Kitchen duty was nice. It was a distraction from the stress. Pepper, Chex and I were working on the one thing I could do without fucking up, and that was cooking. We stirred together pastas, cooked magikarp filets, and fried up some miltank burgers. The other people on cooking duty left me alone, and I could listen to music while I worked.

“Hey!” A voice said from the counter. I turned around to see a sweaty Shank smiling back at me. “Could I get the torchick nuggets and some applan juice?”

“Sure.” I said, and started to make the food. “How was the fieldwork.”

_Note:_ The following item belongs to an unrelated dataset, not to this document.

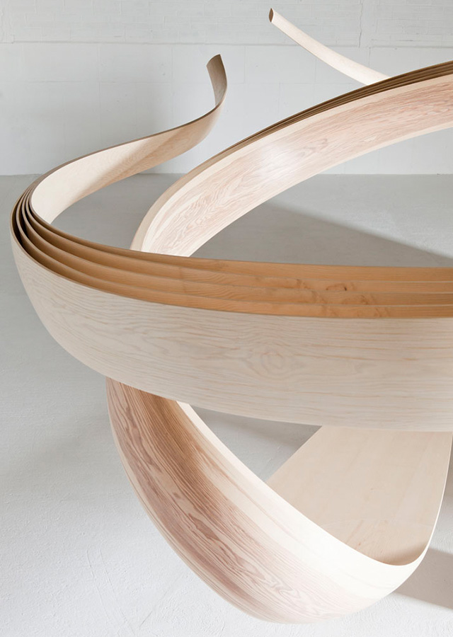 Ирландский мебельщик и дизайнер-самоучка Джозеф Уолш известен,в первую очередь объектами, которые производятся либо в единичном экземпляре, либо очень ограниченной серией. Узнать работу Уолша из множества других очень просто — у дизайнера ярко выраженный, ни на кого не похожий стиль, при котором объекты, выполненные из дерева (основного рабочего материала), приобретают футуристичный вид и буквально оживают благодаря прорезям и мягким переплетениям. Создается полное ощущение того, что работы Уолша — это гости из другого мира, настолько причудливы и необычны их формы.

“Tiring.” Shank rolled their eyes. “I got the crap beaten out of me by some kid who’s rattata was in the ‘top percentage of rattatas’. Then I stole an ekans from a kid who wouldn’t shut up about shorts.”

“Sounds joyful.” I smiled sarcastically, handing them their order. “Have you heard from Molly yet? I want to talk to her about everything. I want to apologi-”

Suddenly, the loudspeaker sounded loudly. “Rocket grunts Erick Van, Shank DeVay, and Molly Rich, please report to Giovanni’s office at once. I Repeat, Rocket grunts Erick Van, Shank DeVay, and Molly Rich, please report to Giovanni’s office immediately. Thank you… LOSERS!”

“I feel like the losers was unnecessary.” I sighed. We made our way toward Giovanni’s office, passing grunts and admins alike, all whispering and giggling to each other. I ducked my head, while Shank did finger guns at some and smirked.

~

“Hey Molly.” I said as we stood outside Giovanni’s office.

She pretended not to notice. Giovanni ushered us inside. “Welcome, welcome.”

“What do you need, boss?” Shank asked. At the word ‘boss’, Molly scoffed.

“Nothing too big.” He said, petting his darling persian. “Just checking to see how you three are settling in.”
“Oh, quite well sir.” Shank smiled, trying desperately to mask the awkward energy Molly and I were exuding.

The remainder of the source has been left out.